→ Exercise data
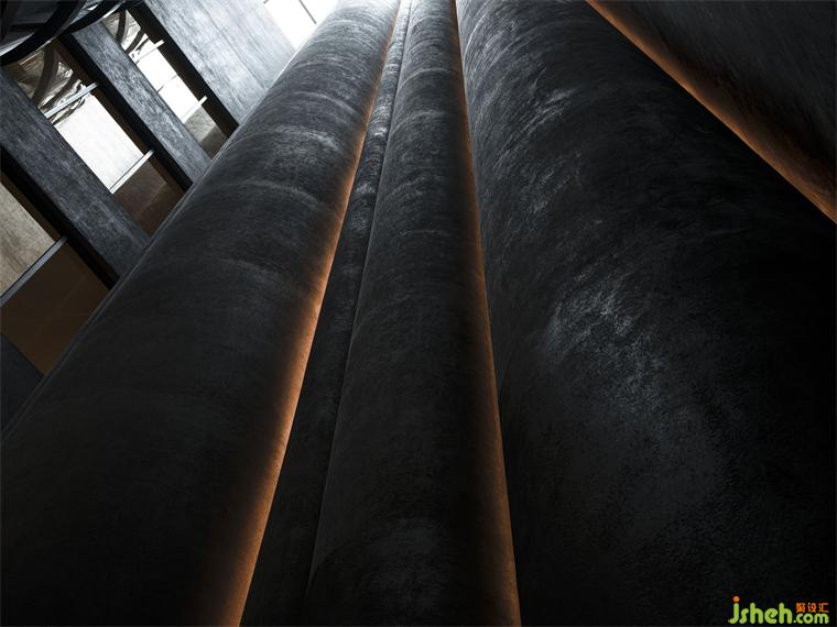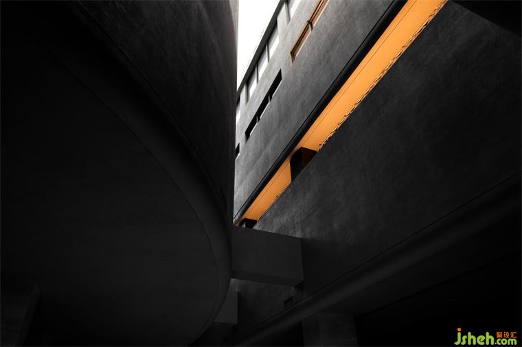 沿著酒店空曠的大廳行進(jìn),梁結(jié)構(gòu)投下的陰影歷歷可數(shù)。倏爾,紀(jì)念碑式的混凝土圓筒結(jié)構(gòu)與玻璃電梯并峙,漫長而嚴(yán)肅的高塔盡頭是天窗里的白云藍(lán)天。與大廳幾何化的“巖壁”一樣,這樣的“人工化”的界面會同時帶來抽離感和安定感,不經(jīng)意間引導(dǎo)人的運動與靜駐。
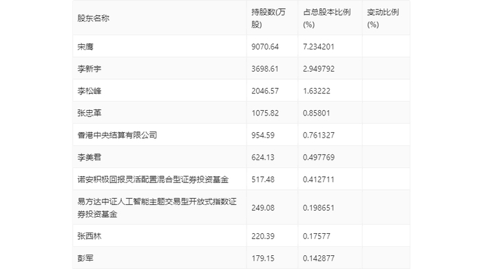 年报显示,2023年年末公司十大流通股东中,新进股东为易方达中证人工智能主题交易型开放式指数证券投资基金、张西林、彭军,取代了三季度末的深圳市海云天投资控股有限公司、金鹰改革红利灵活配置混合型证券投资基金、万家中证1000指数增强型发起式证券投资基金。在具体持股比例上,香港中央结算有限公司持股有所上升,李松峰、张忠革、诺安积极回报灵活配置混合型证券投资基金持股有所下降。
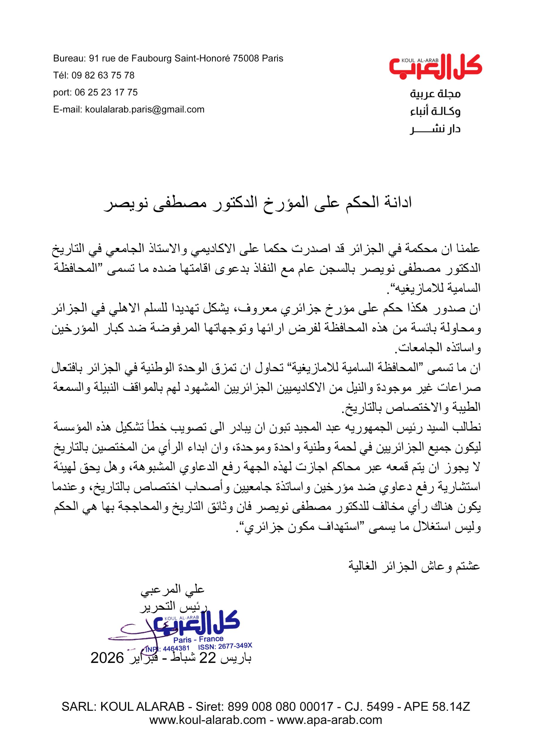 نطالب السيد رئيس الجمهوريه عبد المجيد تبون ان يبادر الى تصويب خطأ تشكيل هذه المؤسسة ليكون جميع الجزائريين في لحمة وطنية واحدة وموحدة، وان ابداء الرأي من المختصين بالتاريخ لا يجوز ان يتم قمعه عبر محاكم اجازت لهذه الجهة رفع الدعاوي المشبوهة، وهل يحق لهيئة استشارية رفع دعاوي ضد مؤرخين واساتذة جامعيين وأصحاب اختصاص بالتاريخ، وعندما يكون هناك رأي مخالف للدكتور مصطفى نويصر فان وثائق التاريخ والمحاججة بها هي الحكم وليس استغلال ما يسمى “استهداف مكون جزائري”.
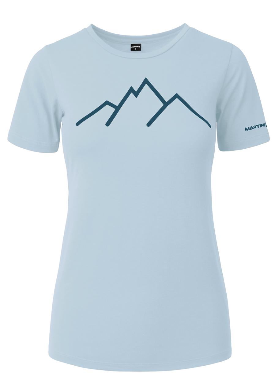 Dámské funkční tričko Martini Alpmate Shirt W v barevné kombinaci Ice/Poseidon je ideální volbou pro aktivní ženy, které hledají pohodlí, funkčnost a styl při sportovních i volnočasových aktivitách.
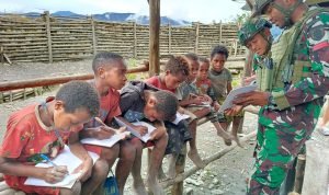 Mege’abume – Prajurit Satgas Pamtas Mobile RI-PNG Yonif 323/BP Kostrad dari Pos Pintu Jawa, menebarkan motivasi dan semangat belajar kepada anak-anak di sekitaran Pos dengan membuka kegiatan belajar di Pos, Mege’abume, Distrik Sinak, Kab Puncak, Papua, Jum’at (01/03/2024)
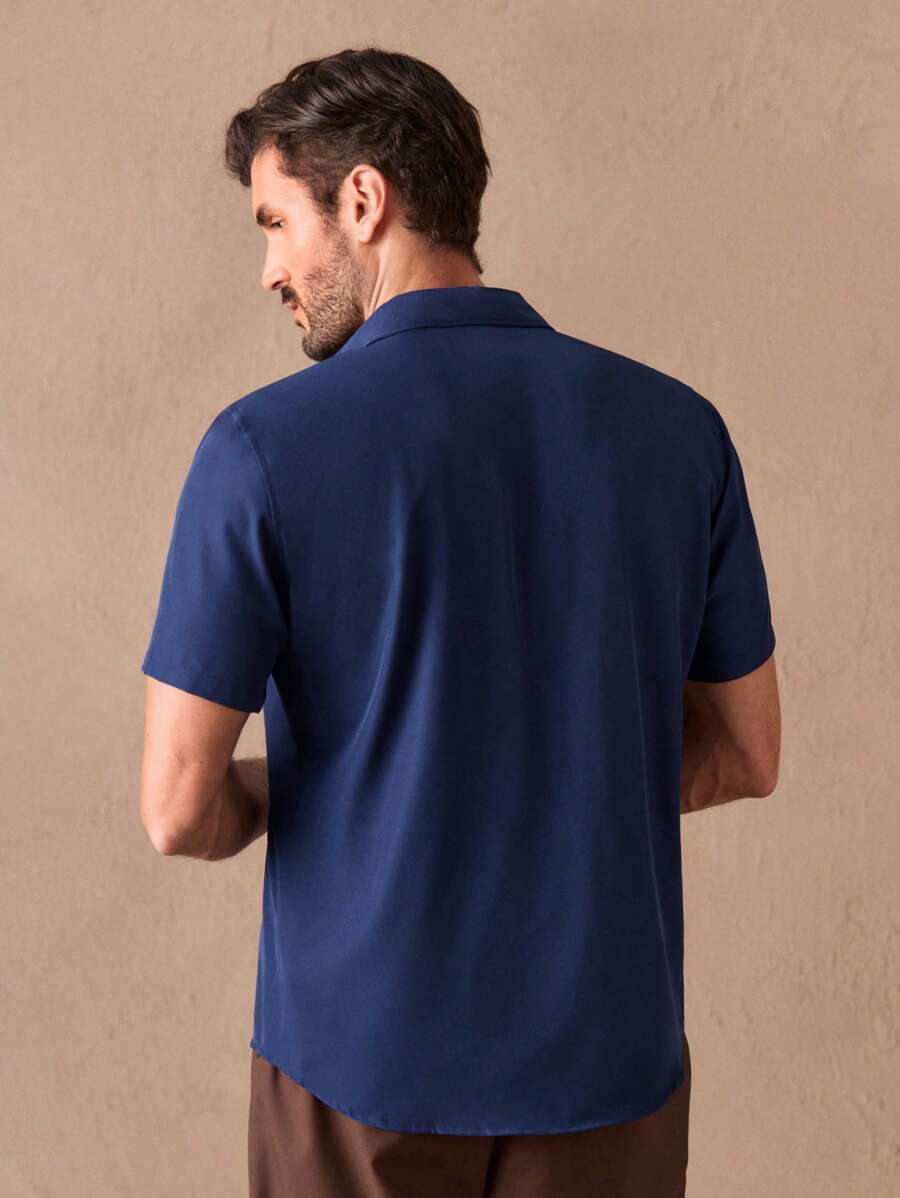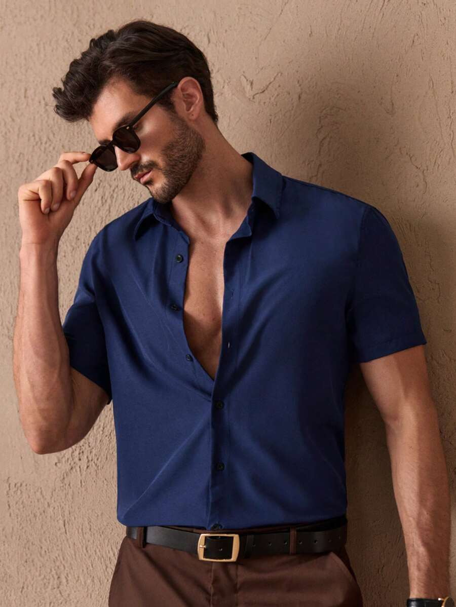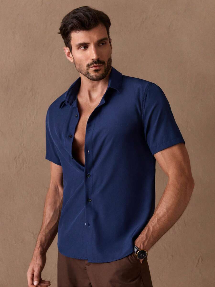 Herren einfarbiges Knopfhemd in Blau ohne T-Shirt
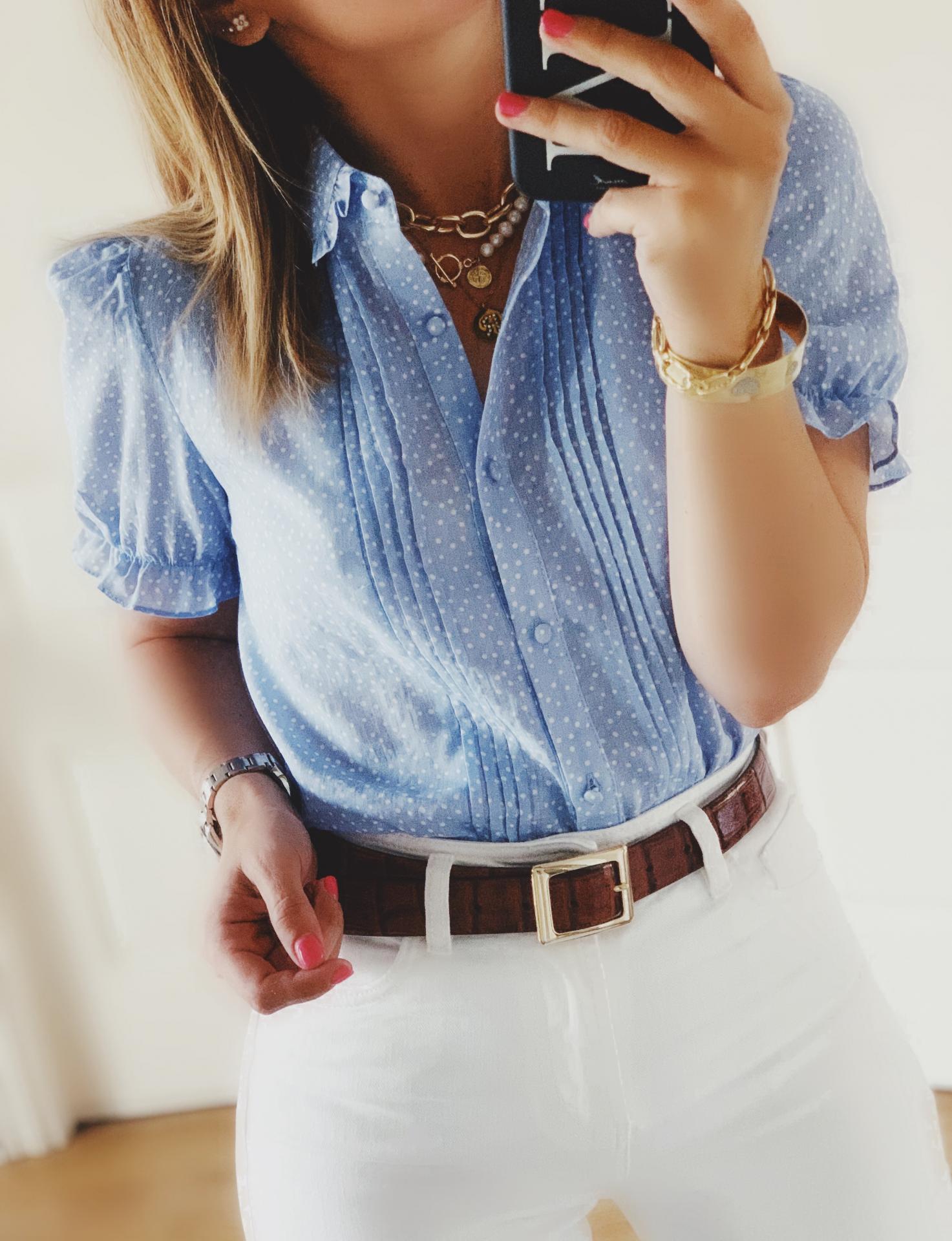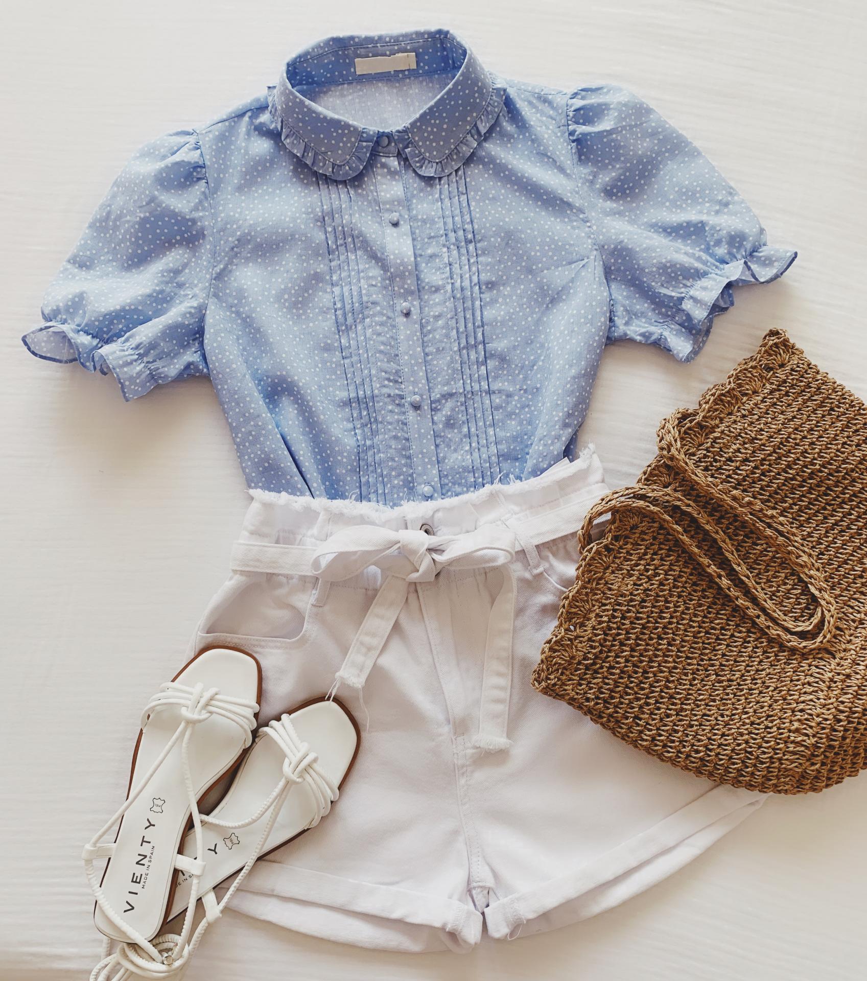 Nueva blusita en azul cielo con cuello bebé y detalle de volantitos.

→ Task description
Copy back, word for word, every line between the top of the material above and the line that contains "Dámské funkční tričko", both included, without any pictures.

→ Problem solution
 沿著酒店空曠的大廳行進(jìn),梁結(jié)構(gòu)投下的陰影歷歷可數(shù)。倏爾,紀(jì)念碑式的混凝土圓筒結(jié)構(gòu)與玻璃電梯并峙,漫長而嚴(yán)肅的高塔盡頭是天窗里的白云藍(lán)天。與大廳幾何化的“巖壁”一樣,這樣的“人工化”的界面會同時帶來抽離感和安定感,不經(jīng)意間引導(dǎo)人的運動與靜駐。
 年报显示,2023年年末公司十大流通股东中,新进股东为易方达中证人工智能主题交易型开放式指数证券投资基金、张西林、彭军,取代了三季度末的深圳市海云天投资控股有限公司、金鹰改革红利灵活配置混合型证券投资基金、万家中证1000指数增强型发起式证券投资基金。在具体持股比例上,香港中央结算有限公司持股有所上升,李松峰、张忠革、诺安积极回报灵活配置混合型证券投资基金持股有所下降。
 نطالب السيد رئيس الجمهوريه عبد المجيد تبون ان يبادر الى تصويب خطأ تشكيل هذه المؤسسة ليكون جميع الجزائريين في لحمة وطنية واحدة وموحدة، وان ابداء الرأي من المختصين بالتاريخ لا يجوز ان يتم قمعه عبر محاكم اجازت لهذه الجهة رفع الدعاوي المشبوهة، وهل يحق لهيئة استشارية رفع دعاوي ضد مؤرخين واساتذة جامعيين وأصحاب اختصاص بالتاريخ، وعندما يكون هناك رأي مخالف للدكتور مصطفى نويصر فان وثائق التاريخ والمحاججة بها هي الحكم وليس استغلال ما يسمى “استهداف مكون جزائري”.
 Dámské funkční tričko Martini Alpmate Shirt W v barevné kombinaci Ice/Poseidon je ideální volbou pro aktivní ženy, které hledají pohodlí, funkčnost a styl při sportovních i volnočasových aktivitách.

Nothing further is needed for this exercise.